Question

How do you graph $ 4{x^2} + 49{y^2} + 294y + 245 = 0? $

Answer 1

Hint: To draw the graph of the given equation, compare it with the standard conic equation, you will get that the given equation is the equation of an ellipse. Then express the equation in standard form of an ellipse and then find coordinates of its center, vertices, co-vertices and foci and also find its eccentricity. And then with help of these parameters draw the required ellipse.

Complete step-by-step answer:
In order to draw the graph of the equation $ 4{x^2} + 49{y^2} + 294y + 245 = 0 $ we will first find out what this equation represents by comparing it with the general form of conic equation,
Since the given equation has a squared form of both variables that is $ x\;{\text{and}}\;y $ and also it has their coefficients positive, therefore the given equation is the equation of an ellipse.
Now converting the given equation into standard form of ellipse, we will get
 $
   \Rightarrow 4{x^2} + 49{y^2} + 294y + 245 = 0 \\
   \Rightarrow 4{x^2} + {(7y)^2} + 2 \times 7y \times 21 + {21^2} - {21^2} + 245 = 0 \\
   \Rightarrow 4{x^2} + {(7y + 21)^2} - 441 + 245 = 0 \\
   \Rightarrow 4{x^2} + {7^2}{(y + 3)^2} - 196 = 0 \\
   \Rightarrow 4{x^2} + 49{(y + 3)^2} = 196 \;
  $
Now dividing both sides of the equation with $ 4 \times 49 $ we will get
\[
   \Rightarrow \dfrac{{4{x^2} + 49{{(y + 3)}^2}}}{{4 \times 49}} = \dfrac{{196}}{{4 \times 49}} \\
   \Rightarrow \dfrac{{{x^2}}}{{49}} + \dfrac{{{{(y + 3)}^2}}}{4} = 1 \\
   \Rightarrow {\left( {\dfrac{{x - 0}}{7}} \right)^2} + {\left( {\dfrac{{y - ( - 3)}}{2}} \right)^2} = 1 \]
Comparing it with standard equation of ellipse \[{\left( {\dfrac{{x - h}}{a}} \right)^2} + {\left( {\dfrac{{y - k}}{b}} \right)^2} = 1\], we get
 $ h = 0,\;k = - 3,\;a = 7\;{\text{and}}\;b = 2 $
Now, finding parameters of the ellipse,
Coordinates of center point: $ (h,\;k) \equiv (0,\; - 3) $
Coordinates of vertices: $ (h - a,\;k) \equiv (0 - 7,\; - 3) \equiv ( - 7,\; - 3)\;{\text{and}}\;(h + a,\;k) \equiv (0 + 7,\; - 3) \equiv (7,\; - 3) $
Coordinates of co-vertices: $ (h,\;k - b) \equiv (0,\; - 3 - 2) \equiv (0,\; - 5)\;{\text{and}}\;(h,\;k + b) \equiv (0,\; - 3 + 2) \equiv (0,\; - 1) $
Coordinates of foci: \[\left( {h - \sqrt {{a^2} - {b^2}} ,\;k} \right) \equiv \left( {0 - \sqrt {{7^2} - {2^2}} ,\; - 3} \right) \equiv \left( { - \sqrt {45} ,\; - 3} \right)\;{\text{and}}\;\left( {h + \sqrt {{a^2} - {b^2}} ,\;k} \right) \equiv \left( {0 + \sqrt {{7^2} - {2^2}} ,\; - 3} \right) \equiv \left( {\sqrt {45} ,\; - 3} \right)\]
Eccentricity of the ellipse will be given as
 $ \dfrac{{\sqrt {{a^2} - {b^2}} }}{a} = \dfrac{{\sqrt {45} }}{7} $
Now with help of above parameters, graphing the equation of the ellipse below

Therefore this the required graph of the given equation.

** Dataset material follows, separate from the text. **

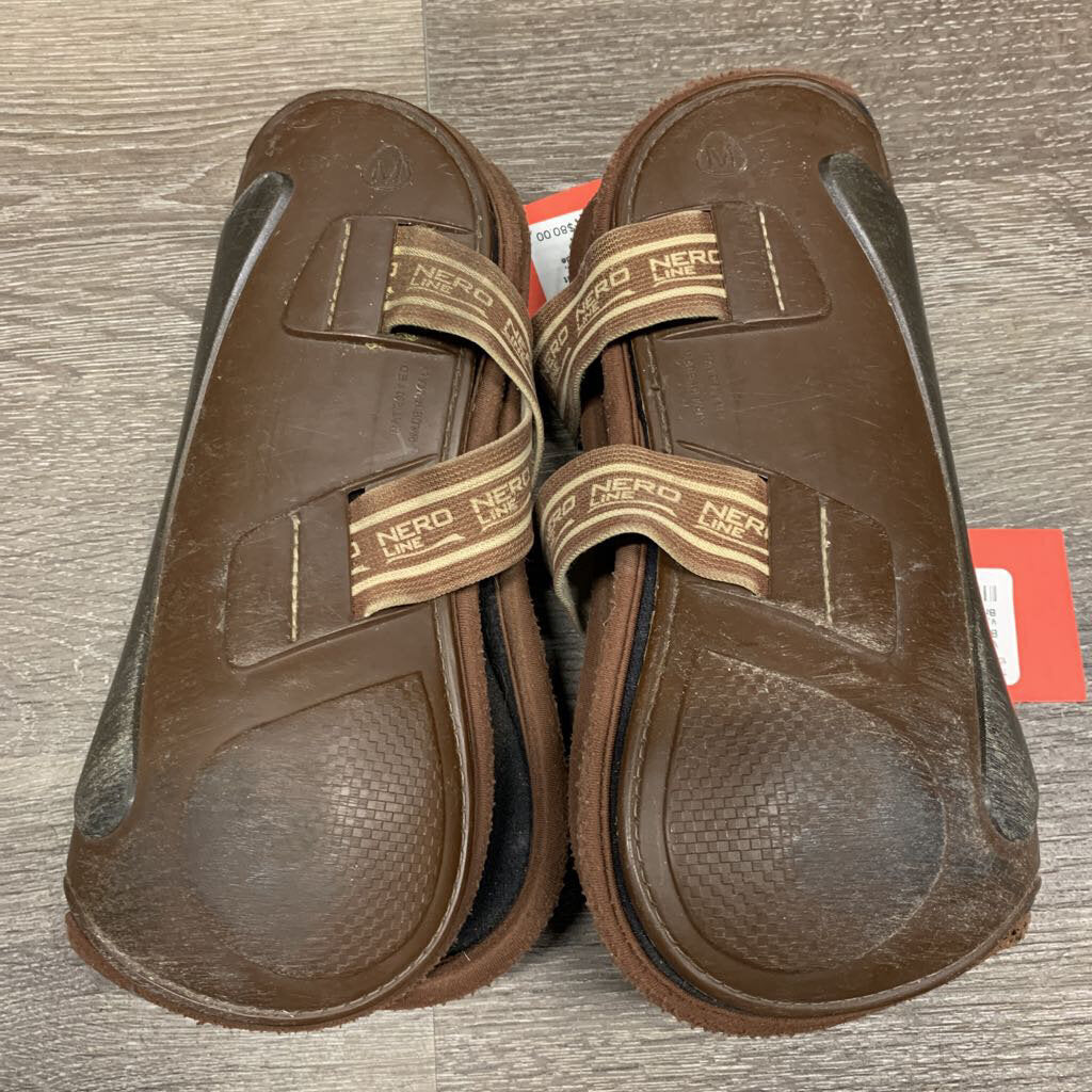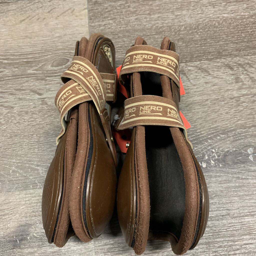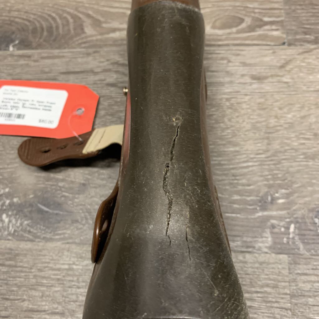Pr Open Front Boots, tabs *gc, rubs, scrapes, v.pilly edges, film/residue inside
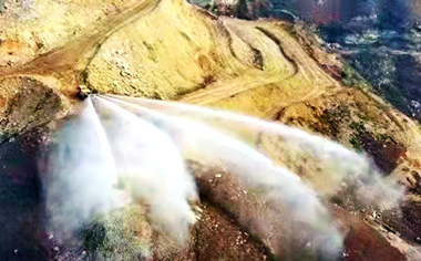 由于工程緊鄰南水北調(diào)工程干渠,水電八局領(lǐng)導(dǎo)非常重視項(xiàng)目建設(shè)過(guò)程中的環(huán)境保護(hù),尤其是在山體的開(kāi)挖過(guò)程中,需要采用爆破方式。但在爆破過(guò)程中,揚(yáng)塵的治理一直是行業(yè)內(nèi)的大難題。如果采用傳統(tǒng)的水袋壓塵,費(fèi)時(shí)費(fèi)力,效果非常有限,且在填裝炮孔過(guò)程中水袋容易劃破,導(dǎo)致內(nèi)部的水流出,進(jìn)而影響炮孔的爆破效果;若選用霧炮車(chē)壓塵,細(xì)微的水霧在巨大的“蘑菇云”面前根本招架不住。通過(guò)多次考察,水電八局決定采用交大神舟最先進(jìn)的“多功能礦山抑塵車(chē)”。

Note: To graph this type of equations, your first step should be to check which conic section does the given equation belong to with help of either seeing the coefficients and powers of variables in the given equation or going through the determinant method. Also check whether it is horizontal or vertical conics.